Twelve patients (50%) were admitted to the critical care unit, and all of these required mechanical ventilation. Ten patients required MCS, of which 7 were managed with extracorporeal membranous oxygenation and 3 patients required the Berlin Heart EXCOR (Berlin Heart, Berlin, Germany) ventricular assist device. Differences in clinical presentation characteristics between those patients who went on to require MCS and those who did not are presented in Table 1 . Patients who eventually required MCS had a significantly lower pH and a higher lactate and creatinine on admission than those patients who did not require MCS. In the group requiring MCS median time between admission and initiation of support was 13 days (range 0 to 36). Mean duration on MCS was 26 ± 33 days (median 17, range 2 to 107). Eight patients underwent heart transplantation, 6 of whom underwent bridging by MCS before their heart transplantation. Two patients died—1 patient immediately after heart transplantation (after needing MCS for failed single-ventricle palliation) and the other patient having care withdrawn after a large intracranial hemorrhage while on MCS for HF due to dilated cardiomyopathy. Overall survival to hospital discharge was 92% for this cohort, with a transplant-free survival to discharge of 63%.

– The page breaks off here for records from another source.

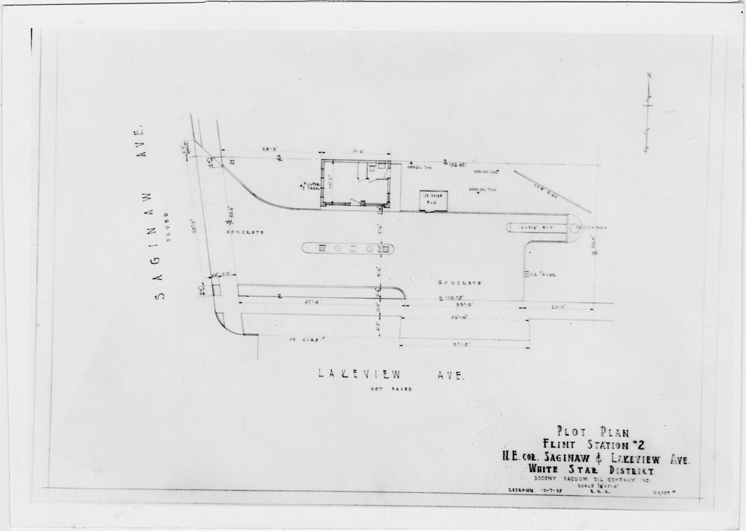 Plot plan for gas station number 2 located in Flint, Michigan. Printed on front: 'Plot plan, Flint Station #2, N.E. cor. Saginaw & Lakeview Ave. White Star District. Socony Vacuum Oil Company, Inc. Scale 1/8"=1'-0". Redrawn 10-7-35.'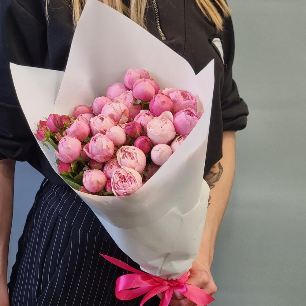 Лента атласная – 1 шт.Пленка матовая – 1 шт.silva pink кустовая роза – 5 шт.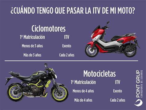 - Las motocicletas tienen que pasar su primera ITV transcurridos 4 años desde la fecha de matriculación.

| Patient Characteristics | MCS | No MCS | p Value |
|---|---|---|---|
| (n = 10) | (n = 14) | ||
| New York University Pediatric Heart Failure Index | 13 (1–24) | 13 (9–21) | NS |
| Ross/New York Heart Association classification | 3.5 (2–4) | 3 (1–4) | 0.06 |
| Lactate (mmol/L) | 7.8 (3.3–12.6) | 2.0 (1.2–5.8) | 0.02 |
| pH | 7.25 (7.03–7.41) | 7.41 (7.28–7.46) | 0.01 |
| Creatinine (μmol/L) | 89 (31–150) | 46 (4–83) | 0.02 |
| Left ventricular ejection fraction (%) | 17 (9–41) | 30 (9–64) | 0.05 |
| Amino-terminal pro–B-type natriuretic peptide (pg/ml), median (range) | |||
| On admission | 30,406 (11,400–63,862) | 10,743 (3,760–62,221) | 0.03 |
| 2–3 days | 39,653 (20,793–87,899) | 9,262 (3,094–70,580) | 0.01 |
| 6–8 days | 26,510 (3,529–39,252) | 8,058 (568–63,847) | 0.03 |
| 13–15 days | 16,245 (3,204–43,740) | 8,594 (1,070–32,775) | 0.12 |
| At discharge/exit | 3,984 (766–48,397) | 8,933 (3,612–38,270) | 0.56 |
| Maximum | 40,713 (25,204–87,899) | 15,680 (7,111–70,580) | 0.001 |
Serum NT–pro-BNP levels were available for all patients. Duration of hospitalization varied significantly depending on the clinical course of each patient (range 2 to 125 days), and as a result the number of NT–pro-BNP measurements per patient also varied. Sixteen patients had measurements that spanned all 5 specified intervals. The trend of NT–pro-BNP over time for the entire cohort is displayed in Figure 2 . It can be appreciated that the level of NT–pro-BNP was 100 to 1,000 times the upper limit of normal (normal range <200 ng/ml). Despite a carefully conducted clinical severity assessment, we found that the correlation coefficient between HF symptom scores at admission and NT–pro-BNP levels was weak ( Figure 3 ). This applied to the NYHA/Ross class status (r = 0.15, p = 0.52) and the NYU-PHFI (r = 0.17, p = 0.46).